• _WHAT THIS TASK INVOLVES_
Below this line is the material. Write out only its lines from the one containing "- ボンネットを開けて(→ボ" through the one containing "This masterpiece exhibits", both kept, exactly.

• _DATA FOR THE TASK_

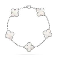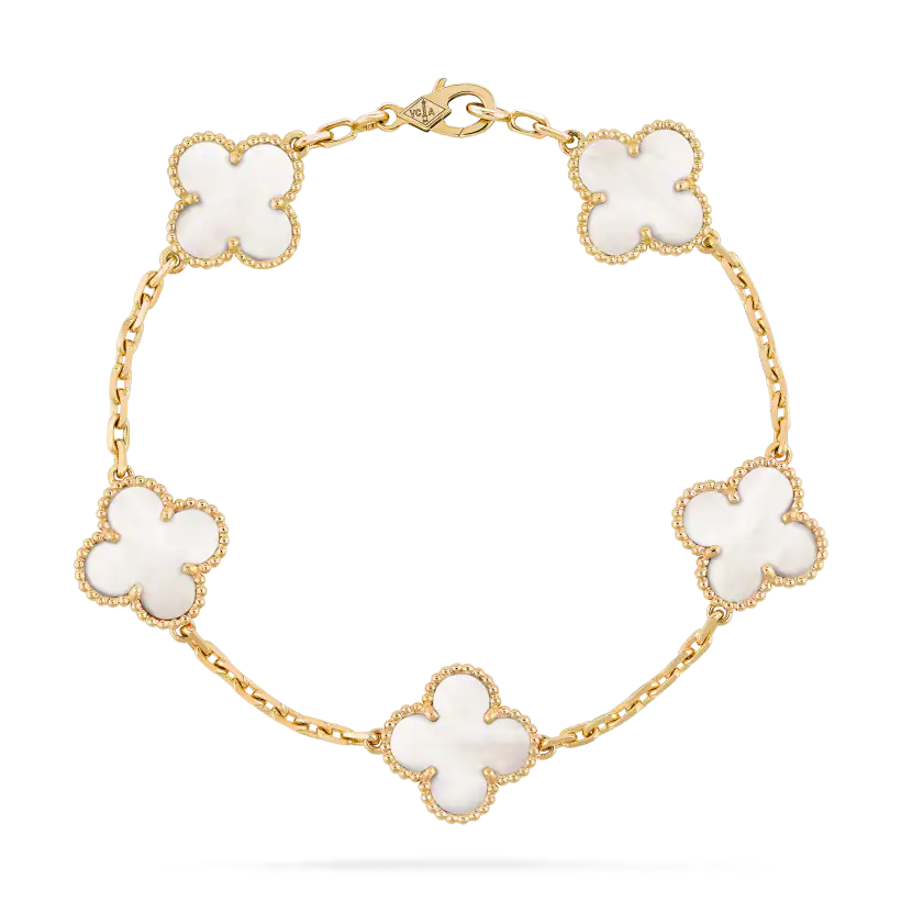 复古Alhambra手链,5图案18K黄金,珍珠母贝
==
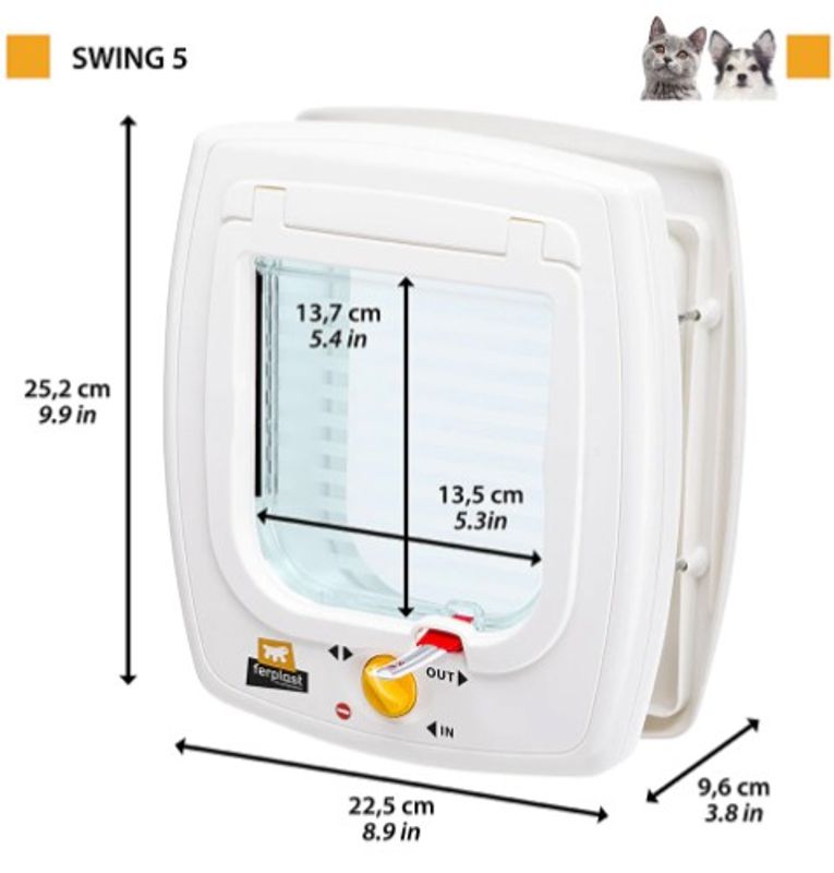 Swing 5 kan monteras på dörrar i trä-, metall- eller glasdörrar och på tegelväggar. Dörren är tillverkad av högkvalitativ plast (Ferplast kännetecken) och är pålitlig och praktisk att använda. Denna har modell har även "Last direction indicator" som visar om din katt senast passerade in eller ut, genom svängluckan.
* * *
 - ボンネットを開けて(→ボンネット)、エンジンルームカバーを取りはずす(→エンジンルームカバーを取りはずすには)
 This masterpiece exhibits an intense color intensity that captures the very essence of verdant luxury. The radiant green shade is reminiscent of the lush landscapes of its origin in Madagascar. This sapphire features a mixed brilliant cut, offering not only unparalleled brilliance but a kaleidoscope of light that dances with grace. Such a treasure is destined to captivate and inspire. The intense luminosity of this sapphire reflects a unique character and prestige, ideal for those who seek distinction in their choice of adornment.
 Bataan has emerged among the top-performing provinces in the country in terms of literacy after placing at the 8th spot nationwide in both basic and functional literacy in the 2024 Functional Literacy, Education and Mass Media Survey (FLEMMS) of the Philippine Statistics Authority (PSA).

• _WRITTEN RESPONSE_
 - ボンネットを開けて(→ボンネット)、エンジンルームカバーを取りはずす(→エンジンルームカバーを取りはずすには)
 This masterpiece exhibits an intense color intensity that captures the very essence of verdant luxury. The radiant green shade is reminiscent of the lush landscapes of its origin in Madagascar. This sapphire features a mixed brilliant cut, offering not only unparalleled brilliance but a kaleidoscope of light that dances with grace. Such a treasure is destined to captivate and inspire. The intense luminosity of this sapphire reflects a unique character and prestige, ideal for those who seek distinction in their choice of adornment.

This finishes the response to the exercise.